Cooking with children.

I have never had more fun than hosting fifth and fourth graders for an afternoon of cooking activities.
Just look at their intensity!
Observe how they are taking notes, following instructions, trying their hands at chopping and measuring,
On this day, we were making lasagna.
We were also doing math, writing, history, learning the nutritional value of whole foods, including seeds and skin in tomatoes, and finally, tasting the cooked food and finding words to describe the entire experience.

There were a total of six adults, 30 children, all in a very small living room, an adjacent kitchen and a dining room/sun room that became a prep room for the meal and the dessert.
My strategy was to start instructing and describing a process or a food, put my assistant to help, while the rest of the class took notes, and during a major hiatus, the other adults conducted math and writing instructions.
Usually, the children and adults walk a mile to get to my house. On this occasion, since it was raining heavily, a bus dropped them off and picked them up a couple of houses down the road. My garage became the terminal, for shoes, back-packs, rain gear.

While most were writing down the instructions, few were selected to assist me.
They had brought tomatoes, garlic, onions and zucchini from their garden at school. We used everything!

First, we made the sauce:

1 cup chopped onions
2 cloves of garlic
2 cans of tomato paste (I use Contadina)
1 big can of whole tomatoes (Here, we used the tomatoes from the garden)
a dash of balsamic vinegar
salt and pepper
2 T olive oil
1lb of ground beef
1lb of Italian sausages
a bunch of Italian herbs such as basil, parsley, fresh oregano from my garden
1lb mozzarella
1lb of Ricotta cheese
2 eggs
1 C of grated Parmesan cheese for the filling
1/2 C of Parmesan to serve on top of the finished product
1 lb of lasagna noodles, boiled and cooled.

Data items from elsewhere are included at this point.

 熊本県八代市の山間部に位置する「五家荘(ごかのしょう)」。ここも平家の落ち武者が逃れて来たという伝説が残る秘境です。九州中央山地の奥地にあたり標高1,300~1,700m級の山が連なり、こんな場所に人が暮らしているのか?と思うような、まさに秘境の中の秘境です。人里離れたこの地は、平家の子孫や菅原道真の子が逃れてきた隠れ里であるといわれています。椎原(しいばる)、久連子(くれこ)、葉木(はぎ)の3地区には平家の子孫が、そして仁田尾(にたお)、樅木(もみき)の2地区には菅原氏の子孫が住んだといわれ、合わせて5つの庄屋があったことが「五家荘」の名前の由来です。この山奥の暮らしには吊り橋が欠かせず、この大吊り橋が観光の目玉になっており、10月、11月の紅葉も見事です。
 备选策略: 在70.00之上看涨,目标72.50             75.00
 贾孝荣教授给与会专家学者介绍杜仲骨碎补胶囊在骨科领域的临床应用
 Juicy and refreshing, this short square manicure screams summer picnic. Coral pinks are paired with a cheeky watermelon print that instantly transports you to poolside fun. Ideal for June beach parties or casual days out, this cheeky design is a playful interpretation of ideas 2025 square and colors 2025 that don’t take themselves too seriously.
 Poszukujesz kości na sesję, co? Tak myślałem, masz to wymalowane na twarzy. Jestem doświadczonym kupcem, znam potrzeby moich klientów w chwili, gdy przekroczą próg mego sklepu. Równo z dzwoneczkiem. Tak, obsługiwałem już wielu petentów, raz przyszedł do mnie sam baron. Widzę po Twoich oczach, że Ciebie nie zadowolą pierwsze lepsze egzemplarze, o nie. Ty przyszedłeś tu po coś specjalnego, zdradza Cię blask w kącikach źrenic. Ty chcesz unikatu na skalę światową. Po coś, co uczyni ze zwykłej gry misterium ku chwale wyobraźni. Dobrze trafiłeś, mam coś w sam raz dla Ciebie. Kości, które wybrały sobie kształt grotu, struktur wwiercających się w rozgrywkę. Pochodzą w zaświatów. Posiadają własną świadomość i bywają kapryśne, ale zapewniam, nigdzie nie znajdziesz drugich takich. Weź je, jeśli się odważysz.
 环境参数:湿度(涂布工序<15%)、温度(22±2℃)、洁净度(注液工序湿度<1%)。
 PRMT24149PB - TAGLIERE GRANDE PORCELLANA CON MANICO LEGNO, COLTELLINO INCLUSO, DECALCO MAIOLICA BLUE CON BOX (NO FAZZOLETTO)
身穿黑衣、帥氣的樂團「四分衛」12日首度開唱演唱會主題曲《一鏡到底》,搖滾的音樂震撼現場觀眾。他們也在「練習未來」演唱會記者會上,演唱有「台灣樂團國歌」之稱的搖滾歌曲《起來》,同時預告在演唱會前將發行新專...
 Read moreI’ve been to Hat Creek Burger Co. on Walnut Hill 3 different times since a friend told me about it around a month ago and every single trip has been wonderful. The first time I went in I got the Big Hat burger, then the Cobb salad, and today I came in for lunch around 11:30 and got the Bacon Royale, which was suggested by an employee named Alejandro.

Chop your onions, garlic and herbs.
Saute the meats, crumbling the sausages and the ground beef in a T of olive oil. Remove from pan and add the onions and garlic. When onion is soft, add the tomatoes and cook down, Add the paste and stir until amalgamated. Add two cans of water and lower the heat. To the tomatoes and paste, add the vinegar and return the meat to the pan to cook at a simmering level for about twenty minutes.
Taste and add salt and pepper.

Meanwhile, prepare the cheeses:
Mix grated mozzarella, the egg, half of the herbs, chopped fine, and the Parmesan cheese.
Add salt and pepper and set aside.

In a big flat, oven-proof pan, add sauce at the bottom and spread it around to cover bottom thoroughly.  Begin the layering with the noodles so they fit the bottom and a strip around as well. On this platform layer the cheese mixture, a ladle or two of meat sauce and additional mozzarella and parmesan. Continue to layer until the last layer is pasta with just sauce and a sprinkling of the dry cheeses.

Bake, covered at 350F for the first 30' and uncovered for an additional ten minutes.
Serve with a salad and some crusty bread.


  1. Wonderful - and lasagne is such a great idea to cook for and with kids.

  2. I can imagine the fun you had. I hated school but I did love cooking class :-)) Take it easy Diane

  3. I'm so glad I found you again and this looks like a wonderful activity. How fun for those kids and how educational too! You looks so cute in your apron!

  4. I wish my daughters could also be there. As the second best option, we will try to follow your recipe. We make lasagna often, but have never made the sauce from scratch

  5. Note:

    A dash of balsamic or a cup of good red wine!
    With children, I chose balsamic.

  6. I loved reading every single one of these posts about teaching these fifth graders to cook. Everyone involved in this learning activity needs a standing ovation. You, dear Rosaria, are a treasure. I truly don't think you know how much you have impacted the lives of these young children. I admire you so much.

    Oh, and thanks for the recipe.

  7. How wonderful for them and you. My grandkids were very eager to help at that age.

  8. This is such a timely post for me, Rosaria! My grandson has been asking me if I would teach him to cook. I've quite a reputation among my children as I taught all three of my sons to cook and his father encouraged him to get some lessons from Grandma! I am planning to have him make with me blueberry muffins as our first project together. Having read your post, I decided he can assist with the Christmas Eve lasagne -- so many thanks for the idea!

  9. Lasagna with all those fresh ingredients sounds absolutely divine. Would you believe I've never made a straight up Italian lasagna before? I've made a Mexican one. My kids have just reached the point where they like lasagna, so that will be an upcoming project. I've been looking forward to making it with them.

    Shannon at The Warrior Muse

  10. I wish I had been in that class, it looks like great fun.